Trump’s 25% tariff on auto components may impact Indian firms like Tata Motors, Sona BLW, and Bharat Forge as the U.S. remains a key export market.

A 25 per cecnt tariff hike on auto components imposed by former U.S. President Donald Trump is expected to have varying effects on Indian auto component manufacturers. Companies such as Tata Motors, Eicher Motors, Sona BLW, and Samvardhana Motherson may face disruptions as the U.S. remains a key export destination.

Tata Motors does not directly export components to the U.S., but its subsidiary, Jaguar Land Rover (JLR), has a significant presence there. Since JLR vehicles are primarily manufactured in the UK, they will now be subjected to the increased tariff.

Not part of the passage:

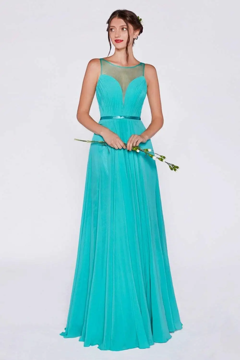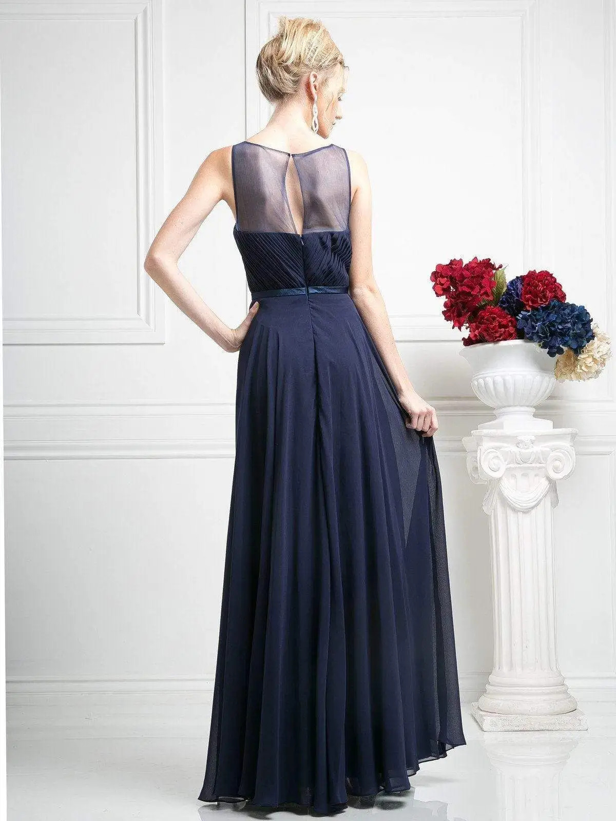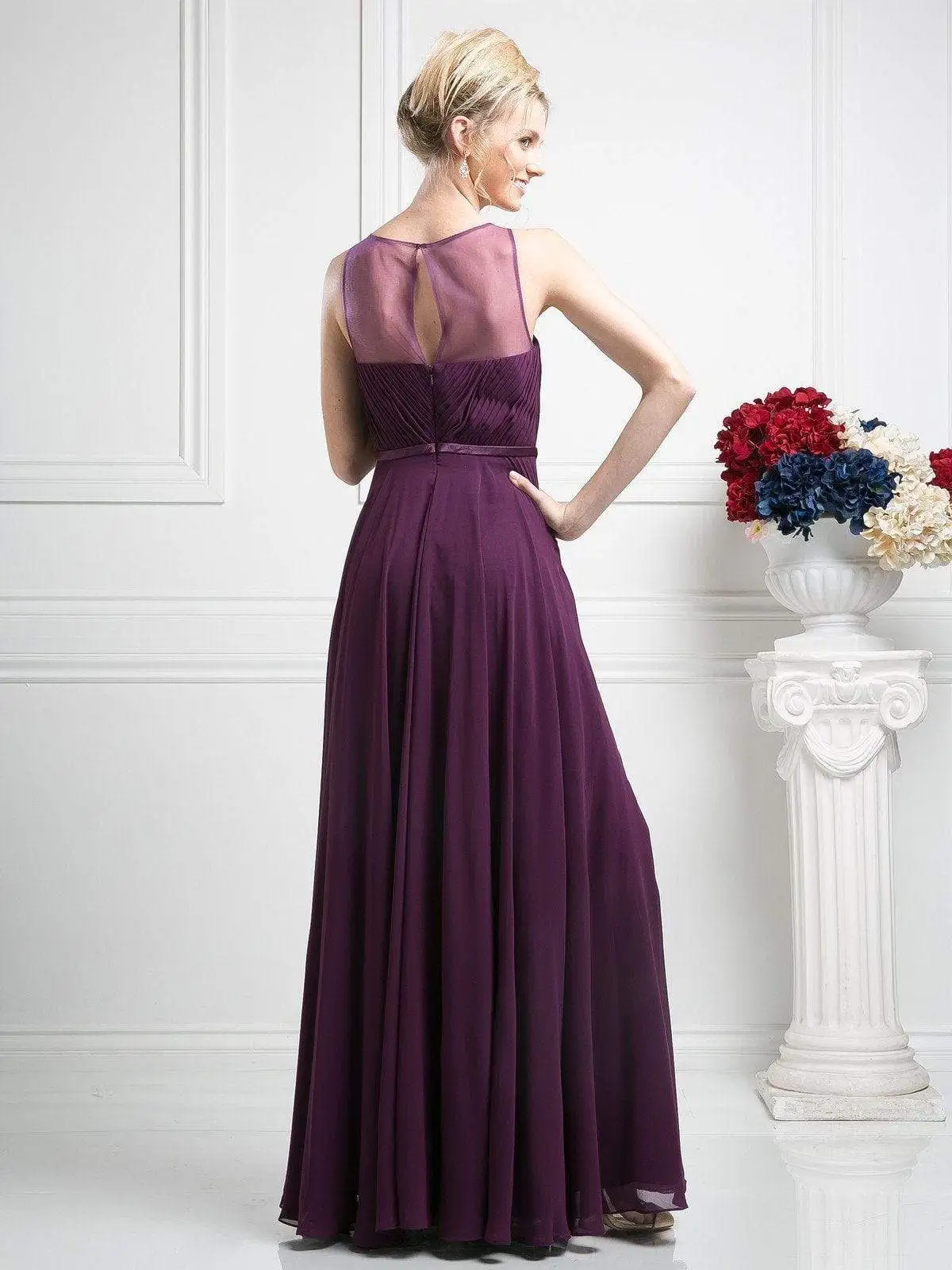 Capture pure elegance in this classy illusion yoke evening gown from Cinderella Divine 7458. Elegantly fabric in luxe chiffon, this A-line gown features a sheer scoop neckline and a sweetheart shaped bustier with deep center panel, and fine ruched details on the bodice. The back reveals a keyhole cutout, while the midriff is fitted from the empire waist, with a tonal belt cinched at the natural waistline. The finely pleated chiffon skirt draws a full-length flowy finish to the floor. This Cinderella Divine creation is sure to bring you an unforgettable romantic moment on your next special event.

Several Indian component suppliers, including Samvardhana Motherson, have substantial operations in both Europe and the U.S. The company supplies parts to Tesla and Ford and operates a manufacturing facility in the U.S., which provides a buffer against the tariff impact. Meanwhile, Sona Comstar, specializing in differential gears and axles, generates 66 per cent of its revenue from the U.S. market and is more vulnerable to the new tariffs.

Auto components worth $21.2 billion were exported from India in FY24, making up a portion of the $1.2 trillion global auto component industry. Major exporters Bharat Forge, Sansera Engineering, Suprajit Engineering, and Balkrishna Industries are also expected to be affected.

Anuj Sethi, Senior Director at Crisil Ratings, noted that the tariff increase on key automobile components such as engines, transmissions, and electrical parts could reduce Indian auto component manufacturers’ operating margins by 125-150 basis points, assuming full cost absorption. Crisil Ratings estimates that about 20 per cent of India’s auto component revenue comes from exports, with 27 per cent of that directed to the U.S. market.

“Suppliers operating indirectly—those who provide parts to Tier I suppliers or original equipment manufacturers (OEMs) with the U.S. as the final destination—will also experience margin pressure,” Sethi added. “However, companies with U.S.-based manufacturing units may offset some of the negative impact through better capacity utilization.”

The U.S. administration may expand tariffs to additional auto components if necessary, though analysts predict the incremental effect will be moderate. Industry players continue to assess the long-term implications of these trade measures on supply chains and global competitiveness.